Under the hood, the way policy enforcement works is that in order to apply a certain practice or policy across your systems, you have to do so based on a pre-existing event or input in the system.  The policy action is taken once these events or inputs are identified. Therefore, before we decide what to do with this input (for example, allow/deny in policy terms), we need to first verify the input. OPA as an engine is able to verify rules and policies upon a dataset. The consequent actions taken are dependent on what is chosen to be defined.

Leveling Up Policy as Code With OPA

As part of the task of building a cloud asset management tool, I have discovered the importance firsthand of understanding what’s really happening in our cloud. Many times, due to mistakes or even just simply lack of knowledge, resources are misconfigured.  
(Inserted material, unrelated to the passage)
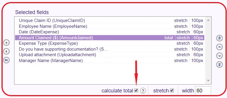 - Specify which fields to move from 'Available fields' to 'Selected fields' and format the display order. To calculate the total of a column numeric fields then select that field and click 'calculate total'. For example, the total of all outstanding expense claims.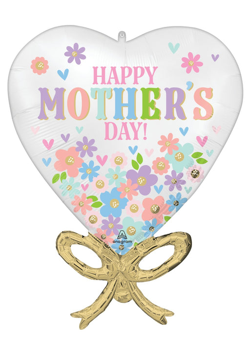 Flower design heart shaped Happy Mother's Day 17" foil balloon. Click & Collect orders: Balloon supplied inflated with helium. Delivery order...

These misconfigurations can lead to future issues, whether in the form of functional and cost consequences, or more concerning security consequences. These types of misconfigurations or mistakes include anything from a data store that is unattached to bleeding costs through riskier errors, such as a service that is configured with overly permissive access that can be a critical security threat.

Built for parsing JSON in a world where it is largely ubiquitous for configuring infrastructure, OPA is able to traverse hierarchies, and scan attributes and properties for policy definition, and has the added benefit of being completely external to your data source. This practically means that any data source that can be extracted and compressed to JSON (even a very large JSON file) where a key/value pair can be determined can easily be searched and parsed by OPA to extract insights related to your systems and its resources.

One built-in feature that is important for the enforcement of policy, but is a critical step before that, is its dynamic classification capabilities.  In order to be able to extract data about resources that are misconfigured or are in a state that could be problematic in a cloud deployment, I simply need to search by pre-defined (i.e. existing) criteria.

Why this is so unique requires us to take a look at how this could be achieved using other technology.  Let’s say I want to pull datasets from two different sources (for example an Elasticsearch cluster and MongoDB database), combine the data, and extract a certain fine-grained insight.  This would require me to first perform a retrieval with a proprietary syntax for each.  After the data is retrieved, I’d then need to "join" it intelligently.  Once the very large dataset is combined, I’d then need to unify it to a single format, just to be able to parse both data sources easily.

Now let’s consider this using OPA instead.  

By exporting the required data to JSON, I can already bypass the proprietary retrieval and joins required just to get started.  By converting the queries very simply in the dev-friendly Rego syntax, I am able to search multiple disparate datasets, with a unified language, and essentially filter by the delta of our smallest search criteria.  This not only democratizes this kind of search, as it doesn’t require a database expert, it also makes the process significantly shorter, simpler, and much more flexible and customizable.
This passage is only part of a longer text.